I am Bulgarian and I am J2a4h also known as J-M530. Is this what u r? In Bulgarian this group is 2.4%, so it is rare for us too.It is also the biggest subgroup of J2a in Bulgaria and the second biggest J2 after the Balkan J2b2 which is 3.8%. This group is rare everywhere, still in is like 6-7% in Iran and it is observed in some places of Italy. Every European and Middle Eastern population has it, but in small %. I guessed we were the elite in the tribes :embarassed:
 
"Rare names are strikingly more likely to share haplogroups than are common names. In the highest-frequency decile, only 7/15 surname pairs share a haplogroup, as opposed to 14/15 for the lowest-frequency decile (p = 0.001). In the high-frequency half of all surname pairs, 47% share a haplogroup, while in the low-frequency half the figure is 69% (p < 0.01). Furthermore, a greater proportion of the sharing observed within the high-frequency half probably occurs by chance, since it is overwhelmingly (91%) in hg R1b, the most prevalent haplogroup in the population. By contrast, in the low-frequency half, only 65% of sharing is within hg R1b, and there are examples of sharing within the rare haplogroups (R1a, G, DE, J2, and K*), which strongly suggests that the sharing is due to common ancestry."

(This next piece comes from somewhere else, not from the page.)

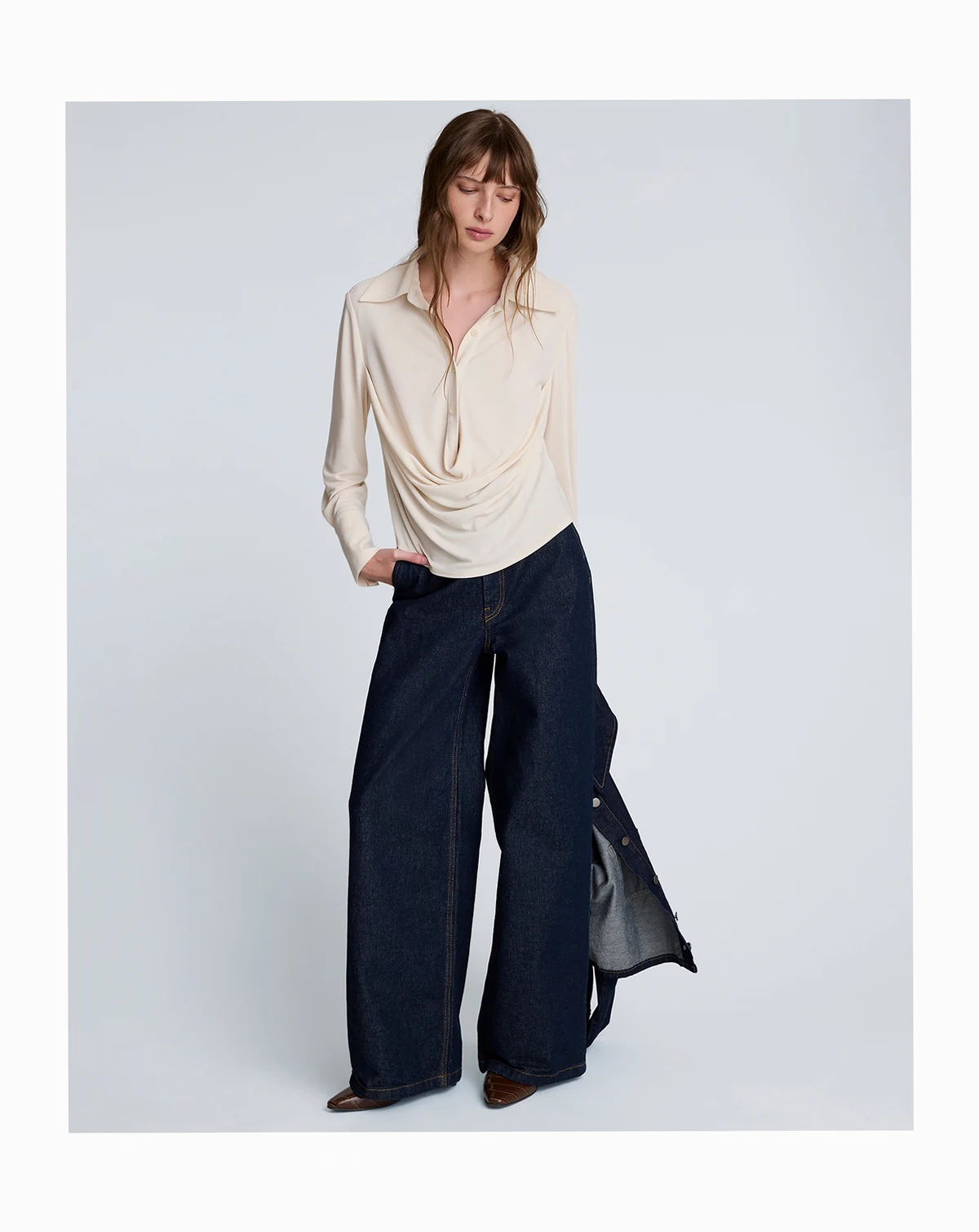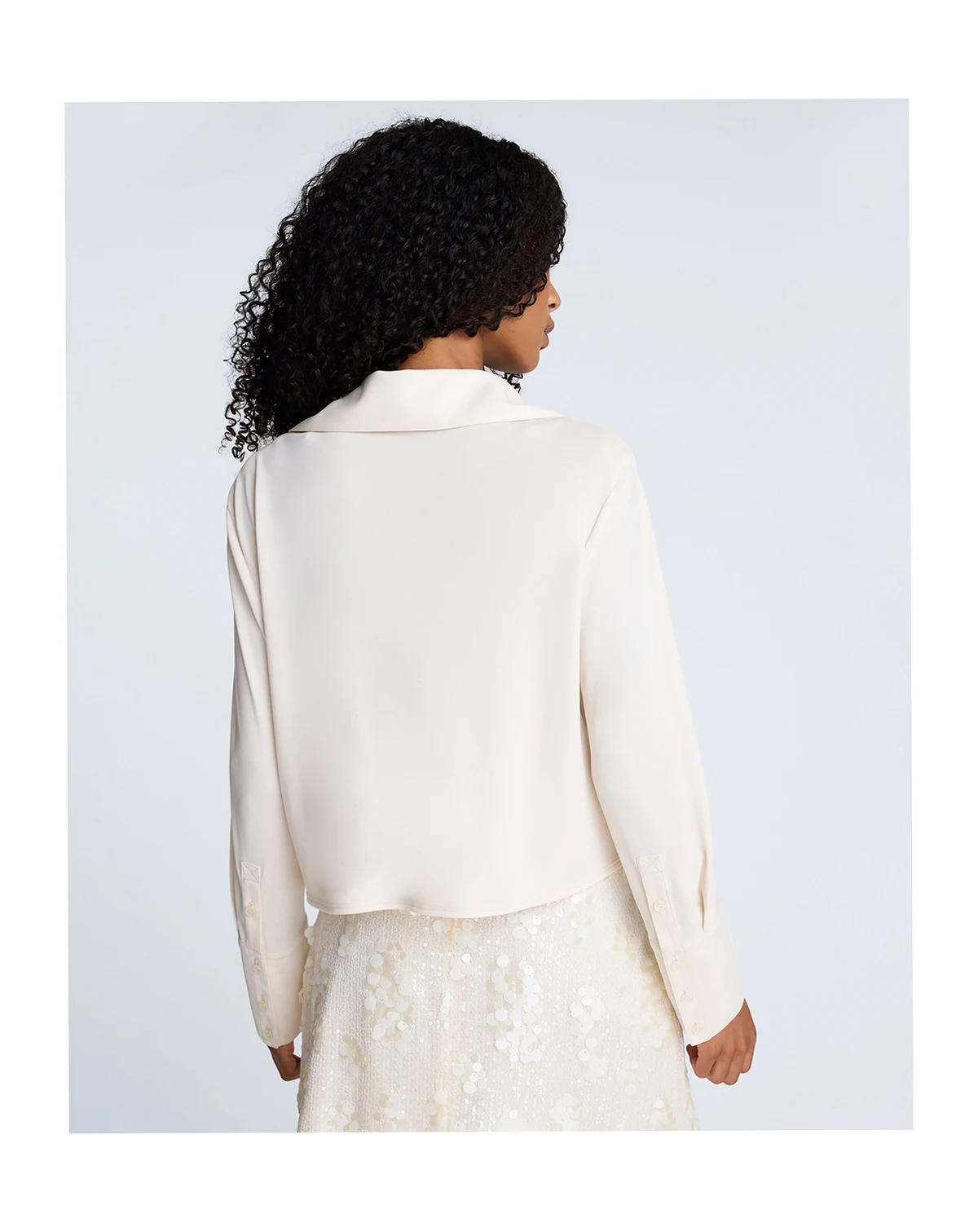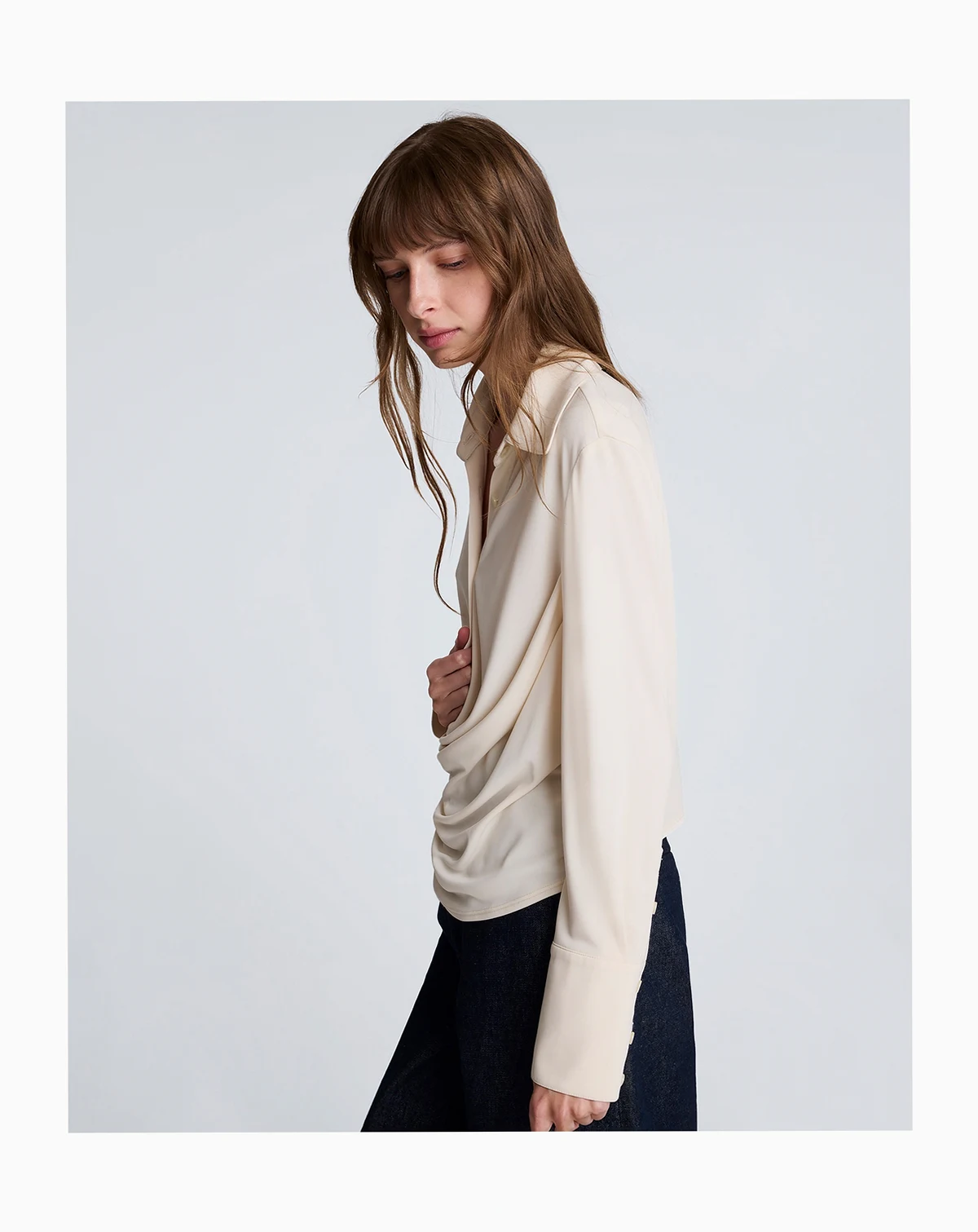 Embracing an effortlessly chic silhouette, this Kenneth Cole shirt presents a relaxed fit with a soft, flowing drape at the front. Its collared neckline and long sleeves create a sophisticated, laid-back look perfect for layering.

Genetic Signatures of Coancestry within Surnames.
http://www.sciencedirect.com/science/article/pii/S0960982206000650

"Some haplogroups that are rare (,10%) or absent in the controls exist at high frequencies within particular surnames: Examples are hgA1a in R, E1a in Bray, G in ‘‘Wadsworth,’’ J2 in Ketley, T in ‘‘Feakes,’’ Q* in ‘‘Mallinson,’’ R1* in ‘‘Northam,’’ and R1a in ‘‘Swindlehurst’’ (fig. 2a)."
Founders, Drift, and Infidelity: The Relationship between Y Chromosome Diversity and Patrilineal Surnames.